You can save costs during testing using [mock responses](https://docs.litellm.ai/docs/completion/mock_requests):

In [None]:
response, cache_hit, call_log = completion(
    model="gpt-4o-mini",
    messages=[
        {"role": "system", "content": "You are a helpful assistant."},
        {"role": "user", "content": "What is the capital of Sweden?"}
    ],
    mock_response = "Stockholm"
)
response.choices[0].message.content

'Stockholm'

In [None]:
#|echo: false
show_doc(this_module.async_completion)

## async_completion *(async)*

```python
async_completion(
   model: str,
   messages: typing.List[typing.Dict[str, str]],
   *args,
   cache_enabled: bool,
   cache_path: typing.Union[str, pathlib.Path, NoneType],
   cache_key_prefix: typing.Optional[str],
   include_model_in_cache_key: bool,
   return_cache_key: bool,
   return_info: bool,
   enable_retries: bool,
   retry_on_exceptions: typing.Optional[list[Exception]],
   retry_on_all_exceptions: bool,
   max_retries: typing.Optional[int],
   retry_delay: typing.Optional[int],
   timeout: typing.Optional[int],
   **kwargs
)
```

---


In [None]:
#|export
async_completion = _llm_async_func_factory(
    func=litellm.acompletion,
    func_name="async_completion",
    func_cache_name="completion",
    module_name=__name__,
    cache_key_content_args=['messages', 'response_format'],
    retrieve_log_data=lambda model, func_kwargs, response, cache_args: {
        "method": "completion",
        "input_tokens": token_counter(model=model, messages=func_kwargs['messages'], **cache_args),
        "output_tokens": sum([token_counter(model=model, messages=[{'role': c.message.role, 'content': c.message.content}], **cache_args) for c in response.choices]),
        "cost": response._hidden_params['response_cost'],
    }
)

completion.__doc__ = """
This function is a wrapper around a corresponding function in the `litellm` library, see [this](https://docs.litellm.ai/docs/completion/input) for a full list of the available arguments.
""".strip()

sig = inspect.signature(async_completion)
sig = sig.replace(parameters=[
    Parameter("model", Parameter.POSITIONAL_OR_KEYWORD, annotation=str),
    Parameter("messages", Parameter.POSITIONAL_OR_KEYWORD, annotation=List[Dict[str, str]]),
    *sig.parameters.values()
])
async_completion.__signature__ = sig

In [None]:
response, cache_hit, call_log = await async_completion(
    model="gpt-3.5-turbo",
    messages=[
        {"role": "system", "content": "You are a helpful assistant."},
        {"role": "user", "content": "What is the capital of France?"}
    ],
)
response.choices[0].message.content

'The capital of France is Paris.'

In [None]:
#|hide
show_doc(this_module.single)

## single

```python
single(
   prompt: str,
   model: str | None,
   system: str | None,
   *args,
   multi: typing.Union[bool, typing.Dict, NoneType],
   return_full_response: bool,
   return_info: bool,
   **kwargs
)
```

Simplified chat completions designed for single-turn tasks like classification, summarization, or extraction.
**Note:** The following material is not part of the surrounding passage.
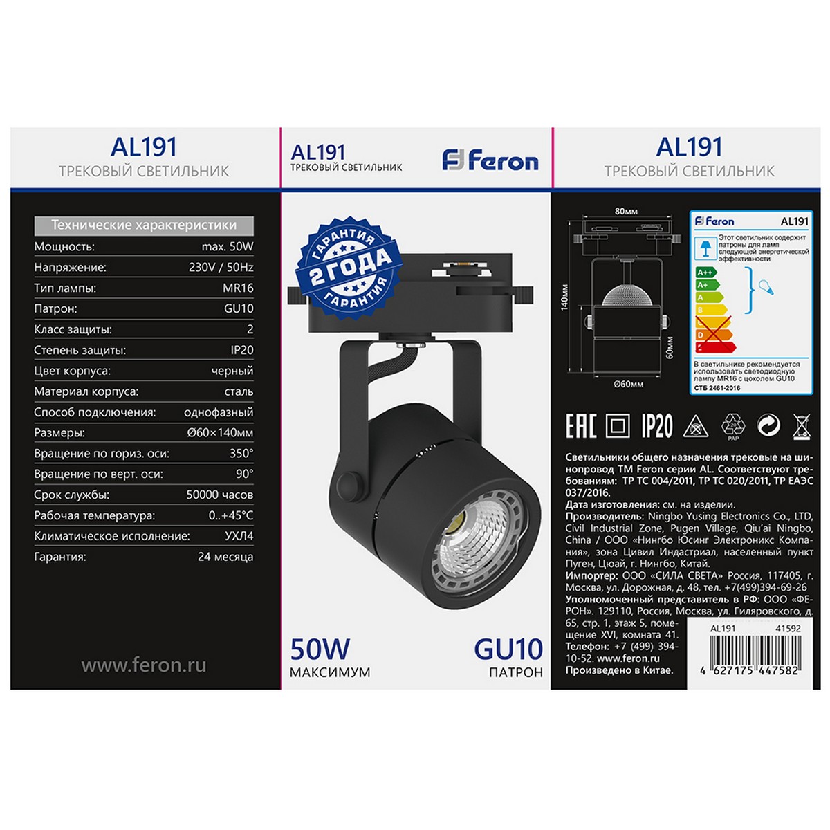 Светильник Feron AL191 трековый однофазный на шинопровод под лампу GU10 черный 41592 по цене 282 руб. с фотографией и техническими характеристиками. Для покупки товара нажмите кнопку "Купить" и перейдите в корзину или позвоните по телефону 8 (495) 585 32 60 или 8 (800) 222 23 53.

For a full list of the available arguments see the [documentation](https://docs.litellm.ai/docs/completion/input) for the `completion` function in `litellm`.

If 'return_info' is set to True, the function returns a tuple of the response, cache hit status, and call log. If set to False, it returns only the response.
If 'multi' is provided, it should be a dictionary containing the model and messages from previous turns, allowing for multi-turn interactions. The function will append the new prompt to the existing messages.

---


In [None]:
#|exporti
def _get_msgs(orig_msgs, response):
    if len(response.choices) == 0: return orig_msgs
    msgs = orig_msgs.copy()
    # msgs.append(response.choices[0].message.model_dump())
    msgs.append({ 'role': response.choices[0].message.role, 'content': response.choices[0].message.content })
    return msgs

In [None]:
#|export
def single(
    prompt: str,
    model: str|None = None,
    system: str|None = None,
    *args,
    multi: bool|Dict|None = None,
    return_full_response: bool=False,
    return_info: bool=True,
    **kwargs,
):
    if system is None and multi is None: system = "You are a helpful assistant."
    if system is not None and type(multi) == dict: raise ValueError("Cannot provide `system` if already in multi-turn completion mode.")
    if multi: model = model or multi['model']
    
    if type(multi) == dict:
        messages = multi['messages'].copy() + [ {"role": "user", "content": prompt} ]
    else:
        messages = [
            {"role": "system", "content": system},
            {"role": "user", "content": prompt}
        ]
    
    if model is None: raise ValueError("`model` must be provided.")
    
    response, cache_hit, call_log = completion(model, messages, *args, **kwargs)
    
    res = response.choices[0].message.content if not return_full_response else response
    if multi is not None:
        res = res, {'model' : model, 'messages' : _get_msgs(messages, response)}
    
    return res, cache_hit, call_log if return_info else res
    
single.__name__ = "single"
single.__doc__ = """
Simplified chat completions designed for single-turn tasks like classification, summarization, or extraction. For a full list of the available arguments see the [documentation](https://docs.litellm.ai/docs/completion/input) for the `completion` function in `litellm`.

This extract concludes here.